Produce as output only the lines below starting at the line with "것으로 전망되고 있음." and continuing through the line with "1970s Pearl Snap", each one exactly as written.

> [DATA SUPPLIED]

◆ ◆ ◆ ◆ ◆ ◆ ◆

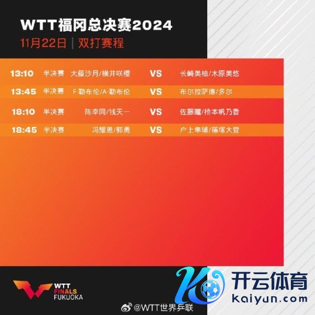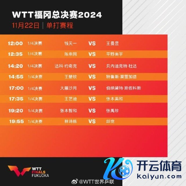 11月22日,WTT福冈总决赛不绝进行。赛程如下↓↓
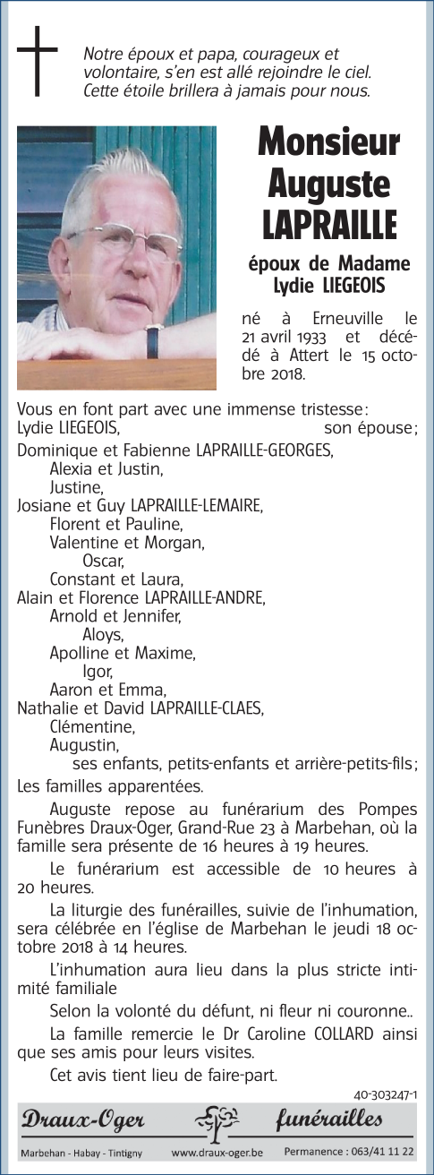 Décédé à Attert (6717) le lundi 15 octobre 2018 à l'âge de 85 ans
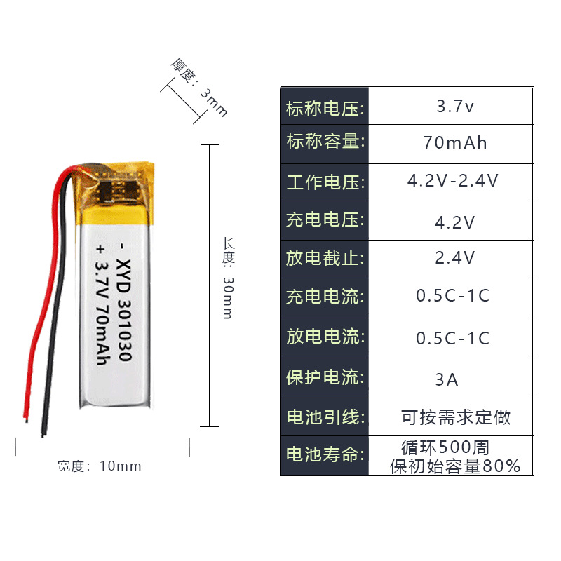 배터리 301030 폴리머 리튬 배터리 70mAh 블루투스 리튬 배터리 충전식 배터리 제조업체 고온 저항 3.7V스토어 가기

◆ ◆ ◆ ◆ ◆ ◆ ◆

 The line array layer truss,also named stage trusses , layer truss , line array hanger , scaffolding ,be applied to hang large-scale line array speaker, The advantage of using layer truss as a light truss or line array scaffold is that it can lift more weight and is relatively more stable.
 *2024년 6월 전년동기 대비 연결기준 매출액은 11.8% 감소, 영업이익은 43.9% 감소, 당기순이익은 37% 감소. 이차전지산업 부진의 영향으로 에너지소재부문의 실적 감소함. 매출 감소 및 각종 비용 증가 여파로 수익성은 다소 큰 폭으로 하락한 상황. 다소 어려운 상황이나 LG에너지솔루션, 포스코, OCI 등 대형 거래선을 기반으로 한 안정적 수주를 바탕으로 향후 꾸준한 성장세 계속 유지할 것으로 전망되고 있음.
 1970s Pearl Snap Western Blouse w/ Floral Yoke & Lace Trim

◆ ◆ ◆ ◆ ◆ ◆ ◆

> [EXERCISE RESULT]
 *2024년 6월 전년동기 대비 연결기준 매출액은 11.8% 감소, 영업이익은 43.9% 감소, 당기순이익은 37% 감소. 이차전지산업 부진의 영향으로 에너지소재부문의 실적 감소함. 매출 감소 및 각종 비용 증가 여파로 수익성은 다소 큰 폭으로 하락한 상황. 다소 어려운 상황이나 LG에너지솔루션, 포스코, OCI 등 대형 거래선을 기반으로 한 안정적 수주를 바탕으로 향후 꾸준한 성장세 계속 유지할 것으로 전망되고 있음.
 1970s Pearl Snap Western Blouse w/ Floral Yoke & Lace Trim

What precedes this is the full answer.